- _Goal of the exercise_: Nothing outside the range below should be printed. Output exactly the lines from the line with "daheim ein. |" to the line with "Prov. | Comu. |", both included.

- _Data section_:
- - - - -
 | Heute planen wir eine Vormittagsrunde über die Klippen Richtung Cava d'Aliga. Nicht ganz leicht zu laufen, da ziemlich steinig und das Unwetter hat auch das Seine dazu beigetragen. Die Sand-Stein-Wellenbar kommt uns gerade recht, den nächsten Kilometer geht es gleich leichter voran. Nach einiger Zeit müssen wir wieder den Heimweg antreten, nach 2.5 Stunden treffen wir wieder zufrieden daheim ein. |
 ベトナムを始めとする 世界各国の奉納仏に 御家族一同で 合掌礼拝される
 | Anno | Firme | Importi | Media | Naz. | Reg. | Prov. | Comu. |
- - - - -
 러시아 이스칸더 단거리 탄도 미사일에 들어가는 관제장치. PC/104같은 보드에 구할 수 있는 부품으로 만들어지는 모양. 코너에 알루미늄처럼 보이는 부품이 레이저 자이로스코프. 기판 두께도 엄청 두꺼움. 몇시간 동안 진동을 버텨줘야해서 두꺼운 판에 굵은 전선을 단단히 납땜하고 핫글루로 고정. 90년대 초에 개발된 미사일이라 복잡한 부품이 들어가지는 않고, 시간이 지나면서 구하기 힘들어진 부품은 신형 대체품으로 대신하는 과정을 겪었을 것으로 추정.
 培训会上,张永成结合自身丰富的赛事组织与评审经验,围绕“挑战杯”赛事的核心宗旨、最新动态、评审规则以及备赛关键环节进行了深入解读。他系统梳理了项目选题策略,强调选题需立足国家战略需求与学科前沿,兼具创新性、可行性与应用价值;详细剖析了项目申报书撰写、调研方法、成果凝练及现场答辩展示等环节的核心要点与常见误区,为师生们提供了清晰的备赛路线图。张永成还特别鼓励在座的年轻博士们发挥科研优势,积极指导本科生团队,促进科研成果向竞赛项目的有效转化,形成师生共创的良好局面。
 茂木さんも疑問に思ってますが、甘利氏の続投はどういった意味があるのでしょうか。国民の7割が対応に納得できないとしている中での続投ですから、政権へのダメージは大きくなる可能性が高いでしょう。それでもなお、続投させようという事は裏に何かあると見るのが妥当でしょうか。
- - - - -
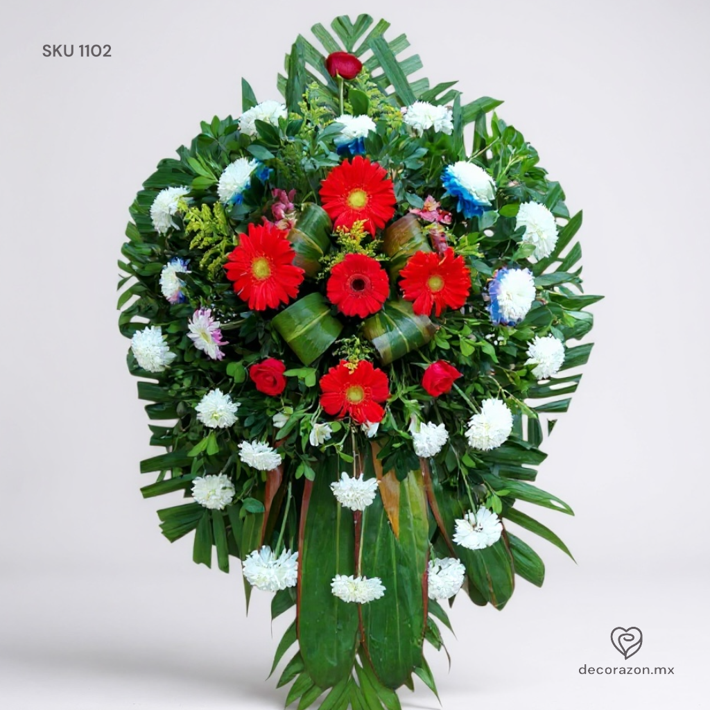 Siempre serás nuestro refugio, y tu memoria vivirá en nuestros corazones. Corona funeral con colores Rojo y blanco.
- - - - -
- _Task answer_:
 | Heute planen wir eine Vormittagsrunde über die Klippen Richtung Cava d'Aliga. Nicht ganz leicht zu laufen, da ziemlich steinig und das Unwetter hat auch das Seine dazu beigetragen. Die Sand-Stein-Wellenbar kommt uns gerade recht, den nächsten Kilometer geht es gleich leichter voran. Nach einiger Zeit müssen wir wieder den Heimweg antreten, nach 2.5 Stunden treffen wir wieder zufrieden daheim ein. |
 ベトナムを始めとする 世界各国の奉納仏に 御家族一同で 合掌礼拝される
 | Anno | Firme | Importi | Media | Naz. | Reg. | Prov. | Comu. |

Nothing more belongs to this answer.